In an exclusive interview with CNA Sept. 25, Pompeo said that he planned to discuss human rights violations in China, and urge Vatican officials to speak out about Chinese persecution of religious groups.
He observed that the plight of religious believers had worsened since Chinese President Xi Jinping came to power in 2013.
“The Church has an enormous amount of moral authority and we want to encourage them to use that moral authority, to improve the conditions for believers, certainly Catholic believers, but believers of all faiths inside of China, and so that’s the conversation that we’ll have,” he said.
In his article, Tornielli emphasized that the agreement did not touch on diplomatic relations between the Holy See and China, which Beijing broke off in 1951. Nor did it concern “the juridical status of the Catholic Chinese Church, or the relations between the clergy and the country’s authorities.”

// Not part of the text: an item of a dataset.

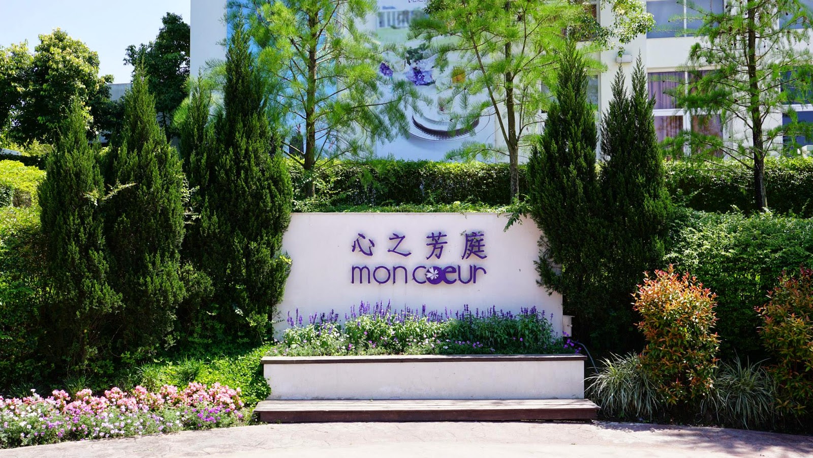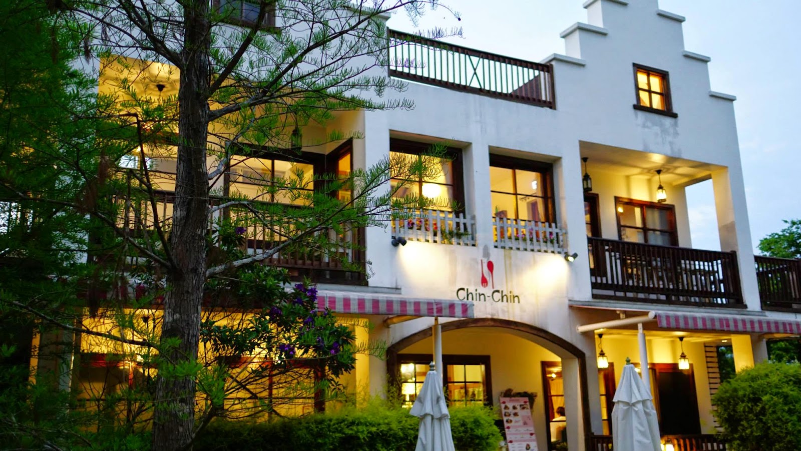 ▲門口前面的招牌,有漂亮的樹木和花草,拍照留念的熱點。

“The Provisional Agreement exclusively treats the process for the appointment of bishops: an essential question for the life of the Church and for the necessary communion between the pastors of the Chinese Catholic Church with the Bishop of Rome and with the bishops throughout the world,” he wrote.
“The goal of the Provisional Agreement, therefore, has never been merely diplomatic, much less, political, but was always genuinely pastoral. Its objective is to permit the Catholic faithful to have bishops in full communion with the Successor of Peter who are at the same time recognized by the authorities of the People’s Republic of China.”
When CNA asked Zen if he saw any prospect that Vatican negotiations with the current Communist government would lead to improvements for the local Church, he said simply “No.”
“Is there any choice between helping the government to destroy the Church or resisting the government to keep our Faith?” he asked.